"Стоящие свыше"+ Отдельные романы. Компиляция. Книги 1-19
Шрифт:
– А кого он спас? – по наивности спросила Спаска.
– Долго объяснять, – ответил ей Славуш. – Это один из основных догматов Храма: чудотвор Айда Очен преградил путь восьмиглавому Змею, который считается у них воплощением Зла. Появление Змея знаменовало собой конец мира, он летел к Хстову, чтобы сровнять с землей Храм, и был уже у самых ворот города, но тут с неба на крылатой колеснице, озаренный сиянием солнечных камней, спустился Чудотвор-Спаситель. Он сражался со Змеем двенадцать дней и двенадцать ночей, но не мог его победить. На тринадцатый день он спросил Змея, что дает ему
– На самом деле, – добавил отец, – эта история гораздо сложней и правдоподобней, сын-Ивич просто не читал канонических текстов так называемых Свидетелей Айды Очена. То, что он рассказал, – байка для простолюдинов, упрощенная, так сказать, версия… Люди мыслящие – а среди храмовников попадаются и такие – склонны рассматривать Свидения как аллегорию и дают им различные толкования. Текстов Свидений всего семь, хотя Свидетелей было больше. Право, не могли же семь человек придумать одно и то же!

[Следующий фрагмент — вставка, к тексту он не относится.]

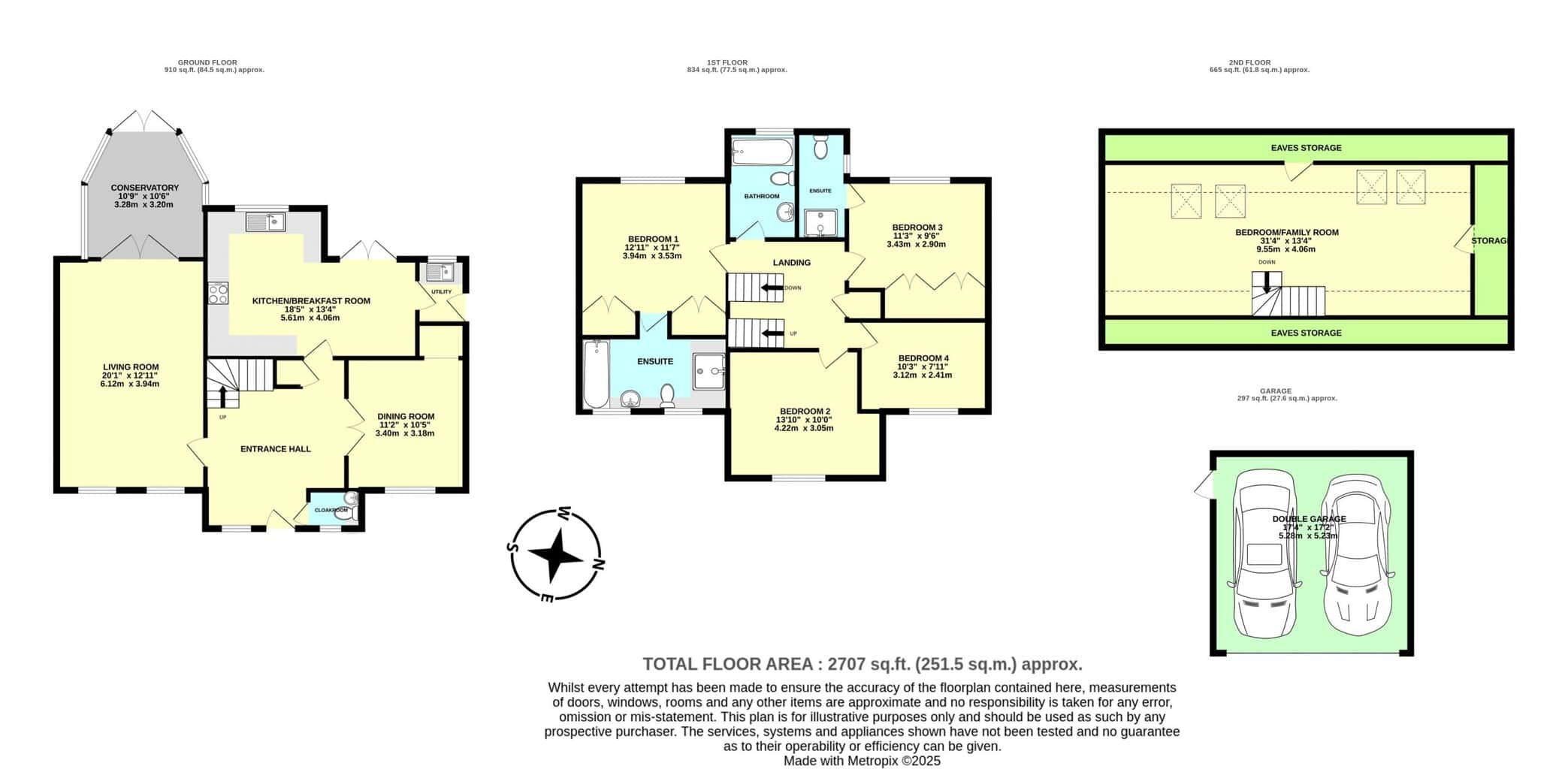 White four piece suite comprising panelled bath. Wash hand basin set in vanity top with storage cupboards under. Low level WC. Ladder effect heated towel rail. Fully tiled shower cubicle with thermostatically controlled shower unit in situ. Frosted double glazed window to front. Shaver point. Recessed downlighters.

– Да, по странному стечению обстоятельств, в Лицце об этом стало известно только через пятьдесят лет после гибели Айды Очена, – добавил Милуш, кривя рот. – Вероятно, Свидетелей что-то сильно задержало в пути. Но как только Стоящий Свыше услышал об этом, он тут же перенес свою резиденцию в Хстов и отстроил здесь храм Чудотвора-Спасителя. С тех пор Хстов называют городом Храма. И именно тогда Сретенье и Восхождение стали главными храмовыми праздниками. Сретенье празднуют семнадцатого февраля, а Восхождение – третьего марта.
Спаске объяснения показались слишком сложными, да она и не очень к ним прислушивалась: снова, как при появлении на горизонте города Храма, сила за плечами отца заворочалась, выпустила острые когти, впилась в его плечи.

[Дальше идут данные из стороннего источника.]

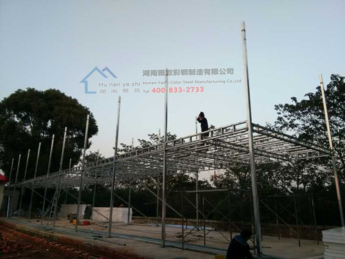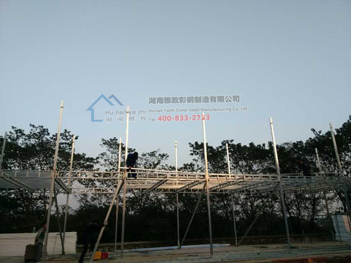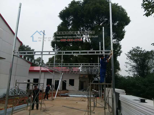 捞刀河项目总共约600平方的精致活动房,为我们的老顾客,因为前期项目部地基没有弄好,一直没有进场,最近罗总打电话过来,说可以进场了,所以工期特别紧,公司立即安排人员进场,为了保质产品质量及美观,所用骨架材料全部采用了足厚防锈镀锌管,手工焊接,保证了整个活动房的结构稳定性,目前整个项目正在紧张地施工中,相信最终一定可以做出让客户十分满意的产品。
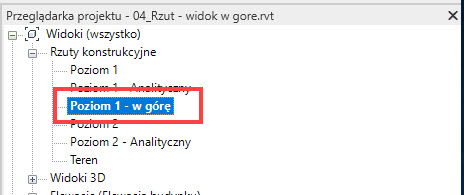 Powielamy bieżący widok rzutu poziomego – zmieniamy mu nazwę, np. na Poziom 1 – w górę.

…Мерзлая земля с трудом подается под ударами тяжелой холодной кирки (вкус смерти на губах), неохотно раскрывает свою бесстыжую черноту. Все глубже и глубже яма, все грязнее снег вокруг. Мертвый человек с узким лицом на дне ямы… Комья тронутой инеем земли падают на его серые губы.
…Горит в огне крылатая колесница, один за одним вспыхивают увившие ее бумажные цветы, чернеют и съеживаются крылья деревянного коня. И горит привязанный к колеснице человек (вкус горелого мяса), и беззвучно дрожит воздух от его крика, трогая змеиную кожу…

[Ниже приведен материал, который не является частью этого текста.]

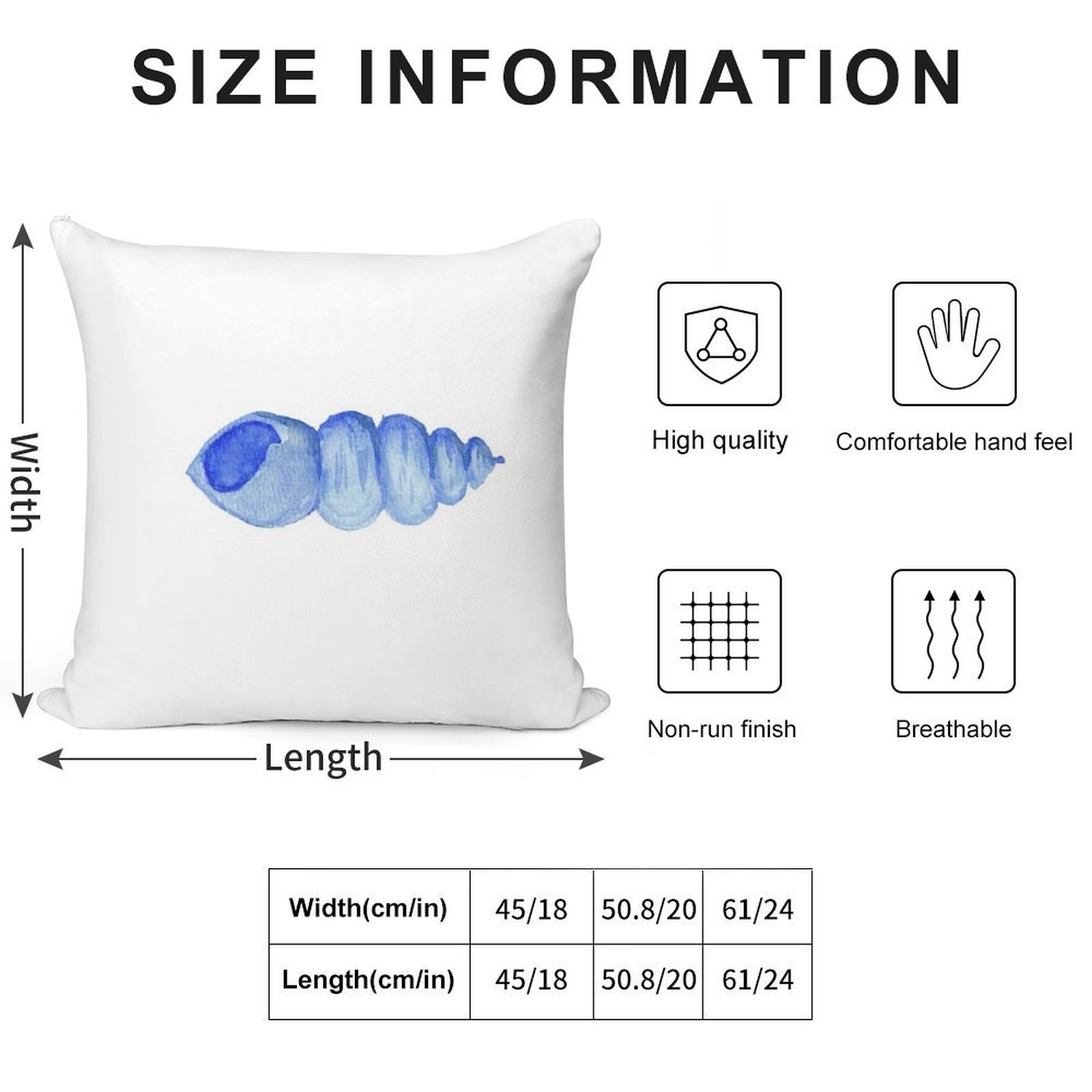 - Reinforced stitching along the edges prevents fraying and extends the life of your Watercolor Shell by Charlotte Canzano Pillowcase.

– Не надо, не смотри… – Отец положил руку Спаске на плечо.
Перед царским дворцом Спаска не удержалась и во весь голос закричала:
– Смотрите, смотрите! Прозрачные окна!
Почему-то прозрачные окна казались ей самым настоящим чудом. Ни в Волгороде, ни в замке Милуша таких не было – иногда в центр мозаики, между обычных стекол, вставляли маленький кусочек толстого прозрачного стекла, чтобы можно было заглянуть в него и увидеть, что происходит за окном, но чтобы целое окно было закрыто
Народ на улицах Хстова встречался разношерстный, Спаска никогда не видела ни столь богатых нарядов, ни таких жалких лохмотьев. На площади у входа в храм Чудотвора-Спасителя толпились калеки и нищие: в рванье, покрытые язвами, с гноем на глазах и обветренными губами, они тянули руки к входившим в храм, и даже из кибитки Спаска почуяла, какой от них исходит отвратительный запах.
Милуш морщил лицо и отводил глаза, отец же, напротив, с любопытством разглядывал толпу попрошаек, которая тянулась к кибитке, – кто-то даже пытался ухватить лошадей за повод, увидев, что Славуш не спешит отогнать нищих кнутом, как это делали другие возницы.
– Змай, у нас же есть деньги. – Славуш оглянулся и посмотрел на отца. – Давай дадим им хоть немножко…
– С ума сошел? – Отец присвистнул и постучал кулаком по лбу. – Во-первых, они нас просто разорвут, как только увидят деньги. А во-вторых, нищенство – едва ли не самое доходное дело в Хстове… Знаешь, сколько стоит вот такой шрам, как у старика на ступеньках? Дороже, чем мой плащ с горностаем.
Кто-то из нищих таки ухватил коня за узду, и тогда отец поднялся, забрал у Славуша кнут и свистнул: кони, хоть и привыкшие к нему, перепугались, и кнут не понадобился – они рванулись вперед, не слушаясь поводьев, и толпа отхлынула в стороны.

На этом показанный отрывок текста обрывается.